Но Кошкарев на этот раз не отказался. Получив толчок в бок, он тут же поднял свой стакан и первым, не дожидаясь, когда выпьют старшие, опорожнил его единым духом. И даже закусывать не стал, хотя и побледнел от натуги и дыханием с непривычки зашелся.
Стараясь не показать, что это их удивило, следом за ним, изо всех сил блюдя торжественность момента, выпили и Башенин с Овсянниковым.

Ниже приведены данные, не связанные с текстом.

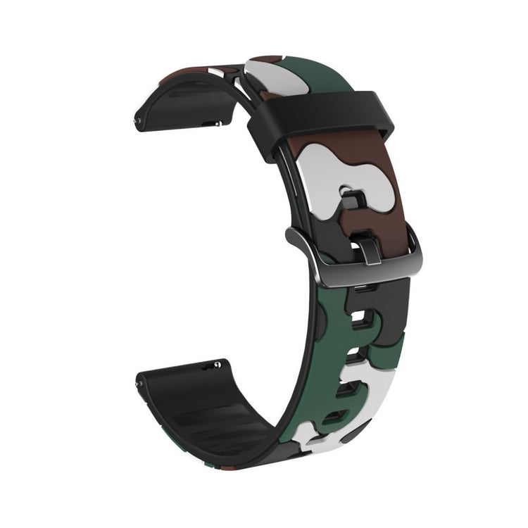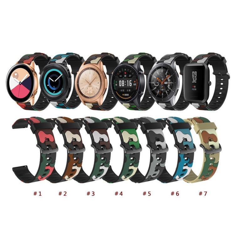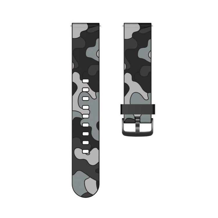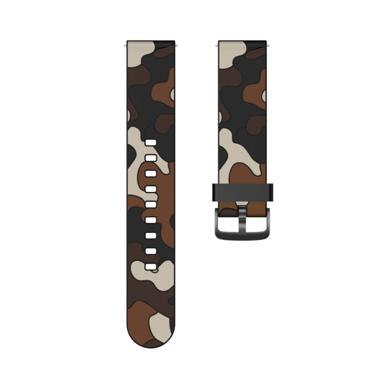 Dette silikoneurrem med camouflage design er kompatibel med flere modeller, herunder Samsung Galaxy Watch og Garmin enheder. Den har en klassisk metalspænde og et design med flere huller, der gør det nemt at justere størrelsen. Det er det perfekte alternativ til din gamle eller beskadigede urrem.

А когда выпили, погрустнели еще пуще: забыли, оказывается, чокнуться, и получилось, что выпили они не за возвращение вовсе, а за то, что из головы у каждого теперь не выходило — за беднягу Куркова, пусть земля ему будет пухом.

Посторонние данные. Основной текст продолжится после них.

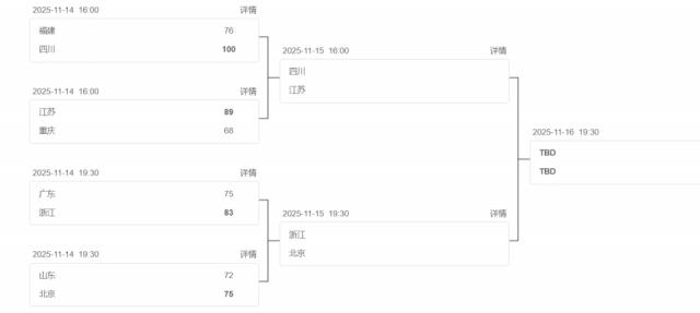 全运会女篮U22青年组比赛中,四川、江苏、浙江、北京四支队伍成功闯入四强。接下来的半决赛对阵形势为四川VS江苏、浙江VS北京。

Первым это понял Башенин и, с медлительностью возвратив стакан на прежнее место, проговорил таким тоном, словно это было продолжением только что прерванного безрадостного разговора о Куркове:
— Говорят, у этого Куркова немцы под Харьковом всю семью расстреляли, — и, подняв глаза на Кошкарева, добавил: — Ты ведь с ним до нас в одной эскадрилье был?
— Мы и в ЗАПе [10] вместе были, — уточнил Кошкарев, не поднимая головы от стола: уши у него уже начали пунцоветь, хотя в лице по-прежнему не было ни кровинки. — А что расстреляли, так это точно, расстреляли, — всех до единого — и мать, и отца, и сестренку с братом. За связь с партизанами. Он мне об этом еще в ЗАПе рассказывал. Как узнал, все на фронт рвался, чтобы отомстить, значит. Отомщу, говорит, гадам, чтобы век помнили. Отчаянный был парень. И в то же время тихий, добрый такой…

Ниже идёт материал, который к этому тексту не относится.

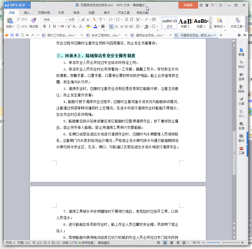 河道水上、陆域保洁作业安全操作制度
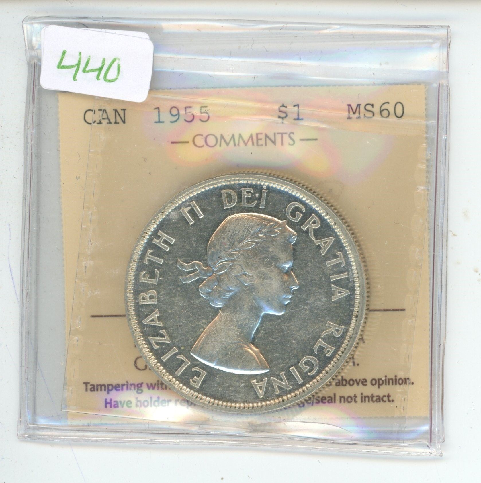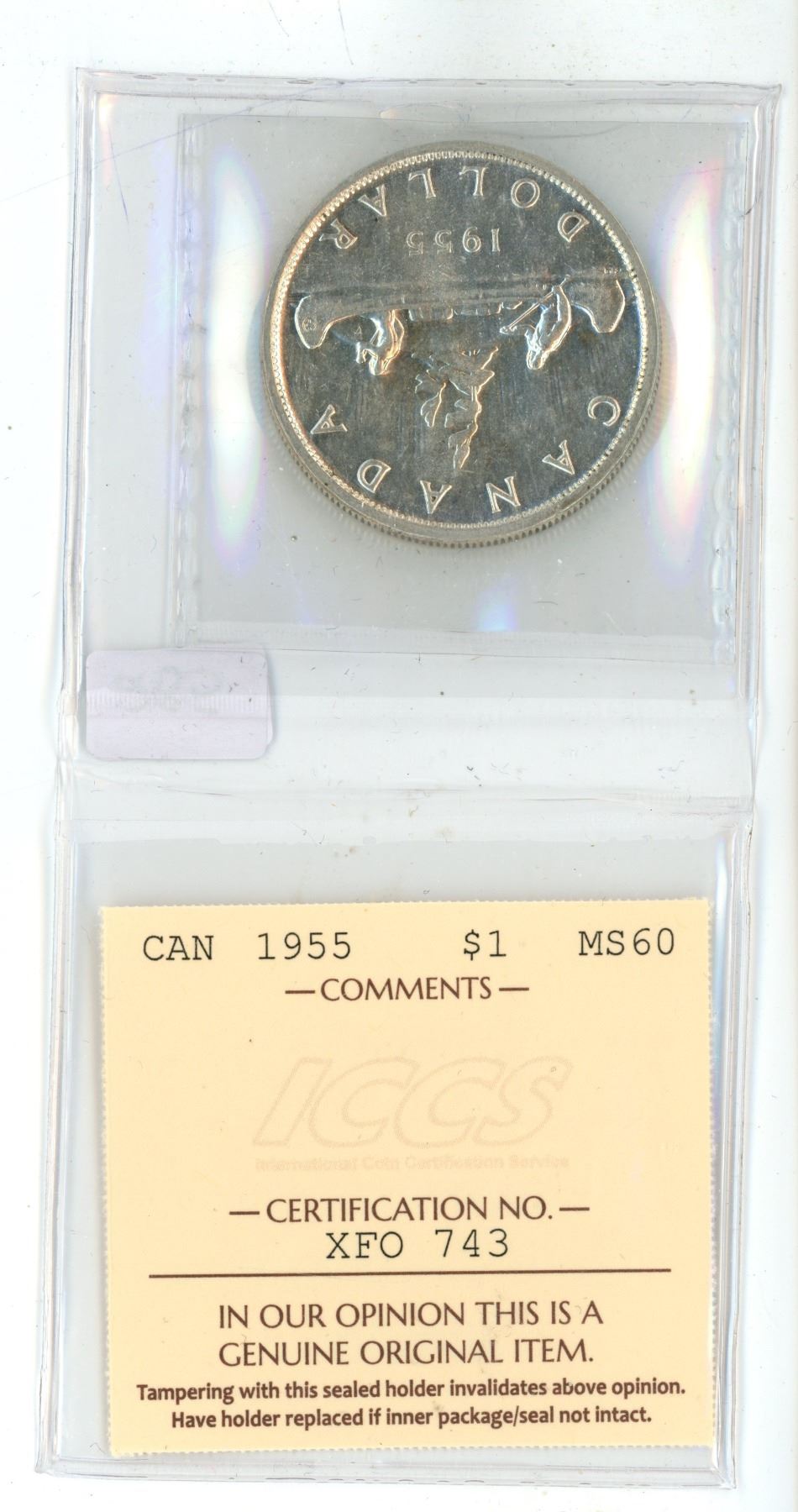 1955 ICCS Graded, Canadian silver voyageur dollar - MS60

— Добрый, чего там говорить, — охотно поддержал разговор Овсянников, заметно оживившись и заблестев глазами. — Я с ним, между прочим, как-то в бане мылся, еще на старом аэродроме, так он мне так спину отполировал, что огнем горела. Давайте, говорит, товарищ лейтенант, я вам спину потру, а то самому-то вам, говорит, несподручно. У меня рука, говорит, легкая, останетесь довольны. Ну, отказываться, конечным делом, я не стал, разлегся на лавке, как барин какой, валяй, говорю, раз охота. Ну и натер он, да так, думал, кожа сойдет…
Башенин неопределенно улыбнулся и снова проговорил:
— У него на счету, между прочим, сбитый «Мессершмитт-109» есть.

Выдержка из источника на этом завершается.